ほぼどんな深層学習モデルに対しても,識別的信頼区間(CI)を構築するための簡易かつ効率的かつ軽量な手法であるLVD(Locally Valid and Discriminative confidence intervals)を提案する。
論文 参考訳(メタデータ) (2021-06-01T04:39:56Z) - Learning Uncertainty For Safety-Oriented Semantic Segmentation In
Autonomous Driving [77.39239190539871]
自律運転における安全クリティカル画像セグメンテーションを実現するために、不確実性推定をどのように活用できるかを示す。
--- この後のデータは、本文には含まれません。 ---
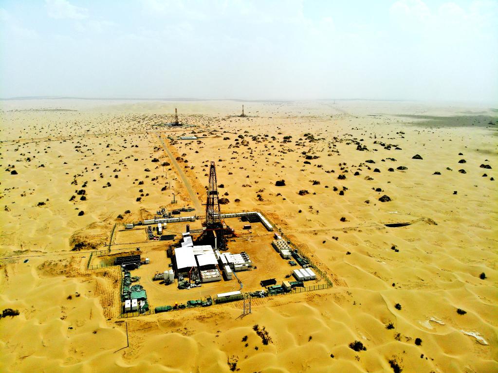 大漠深处的富满油田井架林立。图片来源:中国石油塔里木油田公司
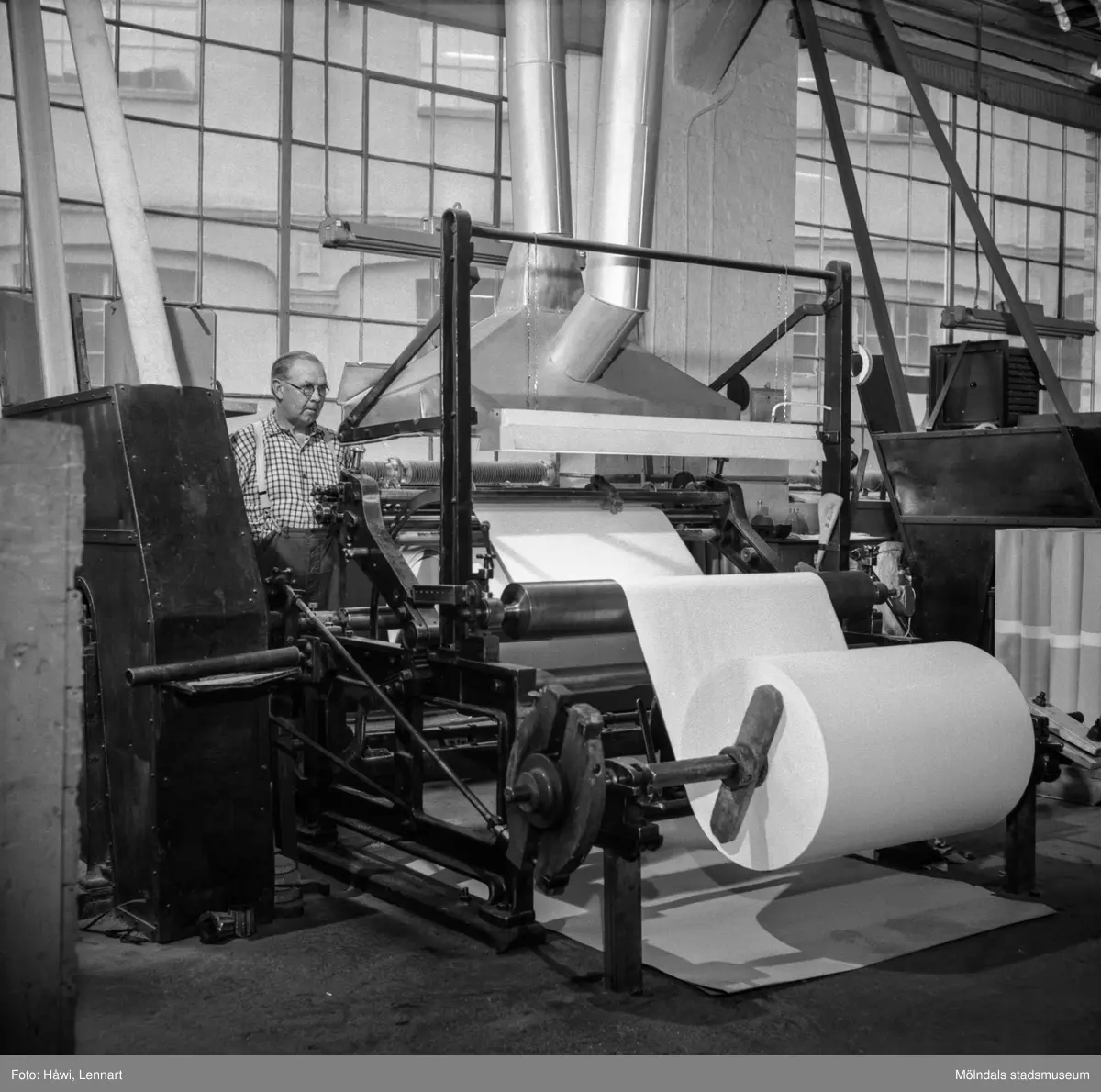 Man i arbete vid rullmaskin nr 2 på pappersbruket Papyrus i Mölndal, 6/5 1955.
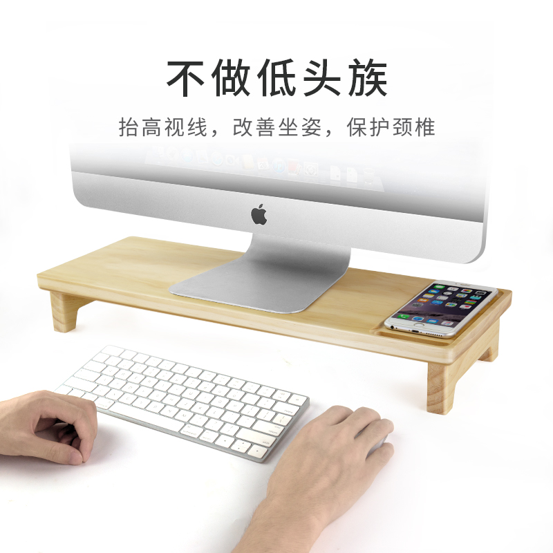 Computer screen screen booster Solid wood base Office desktop keyboard shelf Storage bracket raise

相似性関数によって測定された不一致予測に基づく新しい不確実性尺度を導入する。
本研究では,提案手法が競合手法よりも推論時間において計算集約性が低いことを示す。
論文 参考訳(メタデータ) (2021-05-28T09:23:05Z) - CoinDICE: Off-Policy Confidence Interval Estimation [107.86876722777535]
強化学習における高信頼行動非依存のオフ政治評価について検討する。
様々なベンチマークにおいて、信頼区間推定が既存の手法よりも厳密で精度が高いことが示されている。
論文 参考訳(メタデータ) (2020-10-22T12:39:11Z) - Binary Classification from Positive Data with Skewed Confidence [85.18941440826309]
肯定的信頼度(Pconf)分類は、有望な弱教師付き学習法である。
実際には、信頼はアノテーションプロセスで生じるバイアスによって歪められることがある。
本稿では、スキュード信頼度のパラメータ化モデルを導入し、ハイパーパラメータを選択する方法を提案する。
論文 参考訳(メタデータ) (2020-01-29T00:04:36Z)
関連論文リストは本サイト内にある論文のタイトル・アブストラクトから自動的に作成しています。
指定された論文の情報です。
本サイトの運営者は本サイト(すべての情報・翻訳含む)の品質を保証せず、本サイト(すべての情報・翻訳含む)を使用して発生したあらゆる結果について一切の責任を負いません。